# Motorcycle transport



## deefitz (Apr 19, 2014)

Does anybody have any recommendations for UK to Spain transport for our motorbike? We did have a recommendation but the company concerned haven't responded to our email enquiries (I won't mention who they are in case anyone here recommends the same firm).

We are looking to transport the bike from Lincolnshire to Mar Menor area.


----------



## Sunny Jim1 (Jan 20, 2015)

Hi Deefitz,
Contact a company called DSV
I used them and so did a friend of mine, good service and reasonable price.


----------



## xabiaxica (Jun 23, 2009)

I'd be surprised if this is the company which hasn't responded to you https://www.cartranspain.com/portal/services


----------



## deefitz (Apr 19, 2014)

Thank you both. Neither of those are the company concerned and we'll take a look at them.
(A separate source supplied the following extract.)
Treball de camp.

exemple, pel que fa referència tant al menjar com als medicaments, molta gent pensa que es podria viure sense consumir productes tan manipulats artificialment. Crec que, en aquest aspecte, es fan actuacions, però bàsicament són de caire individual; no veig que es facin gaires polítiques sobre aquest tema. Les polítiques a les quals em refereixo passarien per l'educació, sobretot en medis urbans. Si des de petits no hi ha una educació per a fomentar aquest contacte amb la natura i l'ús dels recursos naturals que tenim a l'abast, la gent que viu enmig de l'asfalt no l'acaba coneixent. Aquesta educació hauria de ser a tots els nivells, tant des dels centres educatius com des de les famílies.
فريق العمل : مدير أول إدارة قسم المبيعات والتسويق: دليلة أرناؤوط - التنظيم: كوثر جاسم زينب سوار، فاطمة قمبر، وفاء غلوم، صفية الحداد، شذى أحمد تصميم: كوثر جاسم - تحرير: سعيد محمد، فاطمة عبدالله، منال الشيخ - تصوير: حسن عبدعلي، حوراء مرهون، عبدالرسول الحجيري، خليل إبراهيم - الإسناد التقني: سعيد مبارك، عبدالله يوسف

Sunny Jim, do you have a link to that company? A search for DSV brings up a lot of results for a huge logistics company but nothing specifically aimed at what I need.


----------



## Sunny Jim1 (Jan 20, 2015)

Hi deefitz, I sent you a private message


----------



## bigdrunk (Aug 12, 2014)

I've just used anyvan.com to book a driver to bring my bike from Nottingham to La Linea. £634 was the best price I was given, basically people compete for the work and you get different quotes.


----------



## VFR (Dec 23, 2009)

Worth checking Motor Cycle News for adds that cater for track days in Spain as a number of them bring the owners bikes down for them to ride here & they may well have room for another.
They will of course be very experienced in handling bikes.


----------



## deefitz (Apr 19, 2014)

Thanks for all the replies.

Differing quotes is to be expected but one company (whose ad we found on these forums) wanted £8,500. 
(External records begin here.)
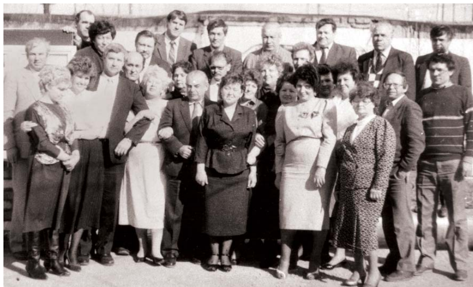
Трест «Астраханьбургаз», 1986 год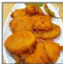
МИКС ВЕДЖ ПАКОРА / MIX VEG PAKORA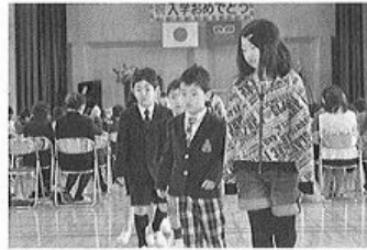
片品小学校の入学式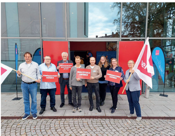
ver.di Aktion zur Umverteilung

Das „Auswürfeln“ der Besoldung muss ein Ende haben. Beamtinnen und Beamten fordern eine bessere Einbindung und mehr Einfluss bei der Gestaltung ihrer Arbeitsbedingungen mitsamt der Bezahlung. Mach doch mit bei ver.di - dann sind wir stärker als je zuvor!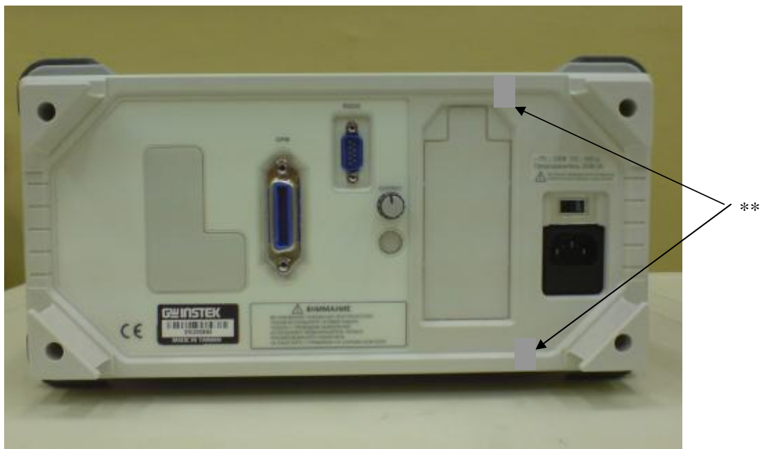
** - места пломбировки (нанесения наклеек) от несанкционированного доступа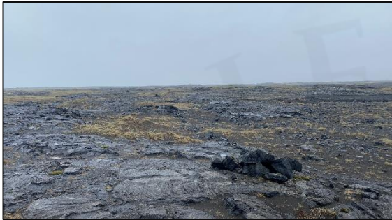
Varða 028_05, horft til VNV.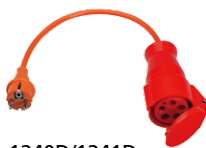
1240D/1241D Drehstromadapter 16 A CEE 5-polig 1240D 32 A CEE 5-polig 1241D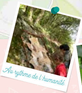
Au rythme de l'humanité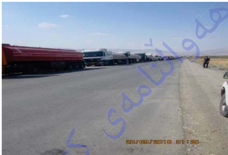
پێگای مه‌رزی نیوده‌وله‌تی باشماخ

That's more than the bike is worth!


----------



## VFR (Dec 23, 2009)

deefitz said:


> Thanks for all the replies.
> 
> Differing quotes is to be expected but one company (whose ad we found on these forums) wanted £8,500.
> 
> That's more than the bike is worth!


8.5k !
What world are they living in. :confused2:


----------



## Relyat (Sep 29, 2013)

Way2Go moved my bike at the same time as our other belongings - all was transported securely and delivered unmarked. I know that they do part loads


----------



## deefitz (Apr 19, 2014)

Relyat said:


> Way2Go moved my bike at the same time as our other belongings - all was transported securely and delivered unmarked. I know that they do part loads


I thought they were one-way self-drive?


----------



## Relyat (Sep 29, 2013)

No. They load and unload and drive for you, as they did for us, and carry return loads.


----------